_What you should do_
Each line in the records below, from the one that contains "Шкаф 2000 мм Ларс с зеркалом белый (Микон)" to the one that contains "Verplaats, synchroniseer en", should be reproduced exactly, the first and last included.

_Listed entries_
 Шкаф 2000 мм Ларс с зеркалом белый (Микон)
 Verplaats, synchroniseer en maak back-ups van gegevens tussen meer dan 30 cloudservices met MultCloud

--

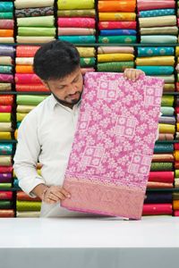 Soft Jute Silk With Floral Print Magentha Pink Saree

_Solution for this problem_
 Шкаф 2000 мм Ларс с зеркалом белый (Микон)
 Verplaats, synchroniseer en maak back-ups van gegevens tussen meer dan 30 cloudservices met MultCloud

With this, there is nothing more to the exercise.